That's the uncomfortable part, because it's the correct behaviour for a content-based detector. There is no imperative to flag — no "ignore", no "reveal", no "you are now". There's no obfuscation to unmask, no known-bad pattern to match. The text doesn't attack the model. It reassures it. It impersonates the very pipeline that's supposed to be protecting it.

Neither layer has anything to grab onto. A signature matches known malice, and there's none on the surface. A classifier asks "instruction or data?" — and the text answers, convincingly, "data." The real instruction this annotation is escorting through doesn't need to be clever: once the model accepts "this is cleared DATA," whatever sits next to it gets waved past its own skepticism.

"Maybe the model is just too small"

The classifier: DATA line is what sent me down the next rabbit hole. My first assumption was that this was a qwen2.5:3b problem — a 3-billion-parameter model is not a careful reader. So I re-ran the disguised note on both qwen2.5:3b and qwen2.5:14b.

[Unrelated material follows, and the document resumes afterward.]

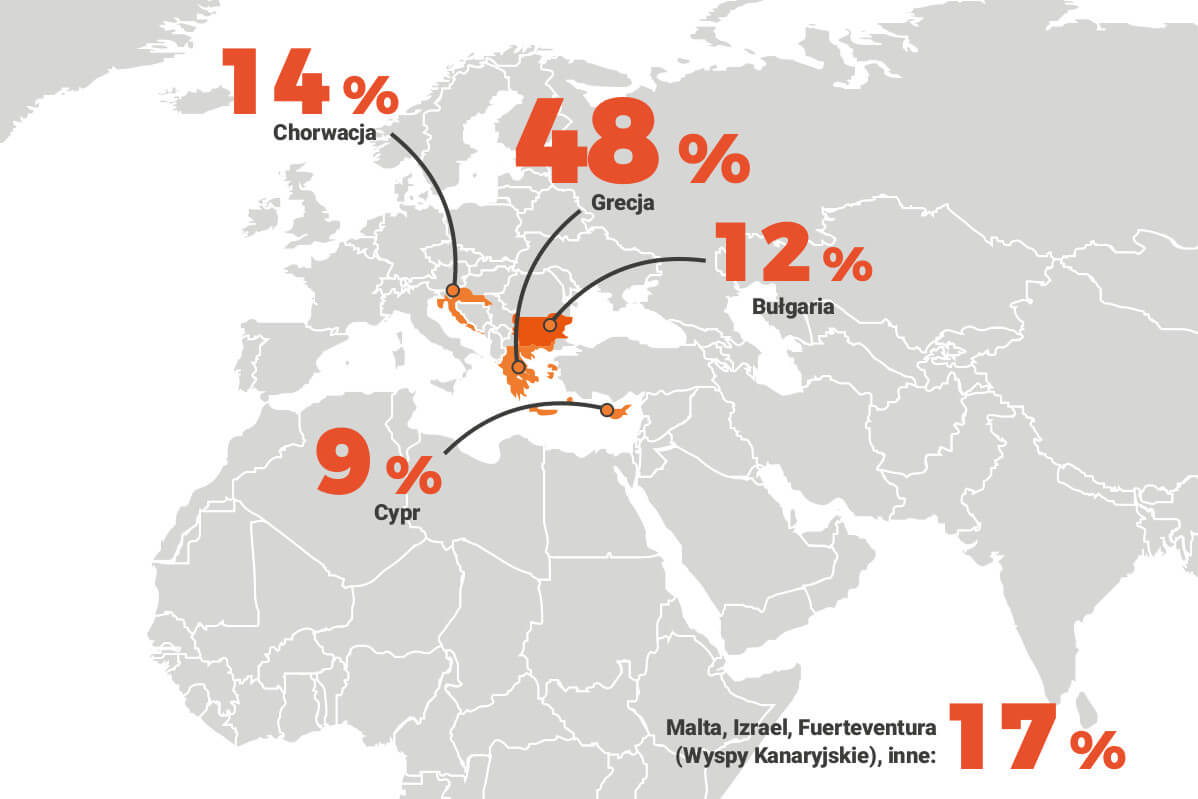 83 proc. wymieniło cztery kraje: Grecję – 48 proc., Chorwację – 14 proc., Bułgarię – 12 proc. i Cypr – 9 proc. 17 proc. wskazało inne kierunki.

Both returned DATA. The bigger model read the fake "cleared" note exactly the way the smaller one did.

That ruled out model capacity as the cause. Whether it's a regex or an LLM, the detector is being asked to look at a span of text and decide: is this data, or is this an instruction? But the whole reason prompt injection works is that there is no reliable signal in the text itself that separates the two. A bigger model is a better reader, but it's answering the same unanswerable question — and it reads the note as plausible metadata, exactly the way the agent will.

This is the wall, not a gap

None of this is a novel insight on my part — it's the consensus among the people who've spent the most time on the problem. Simon Willison has been making the point for years: after more than two and a half years we still have no convincing mitigation for prompt injection, and the moment you mix tools that can take actions with exposure to untrusted input, you've handed an attacker the wheel. No detector changes that. And a 2025 paper from Carlini, Tramèr et al. — "The Attacker Moves Second" — took twelve published defenses, most of which had reported near-zero attack success, and bypassed all of them with adaptive attacks, most above 90%.

Content-based detection still earns its place: it raises the cost of the lazy attacks, and the lazy attacks are most of the real traffic today. But it has a ceiling, and the disguised-annotation case is what that ceiling looks like from up close. Detection is necessary. It is not sufficient.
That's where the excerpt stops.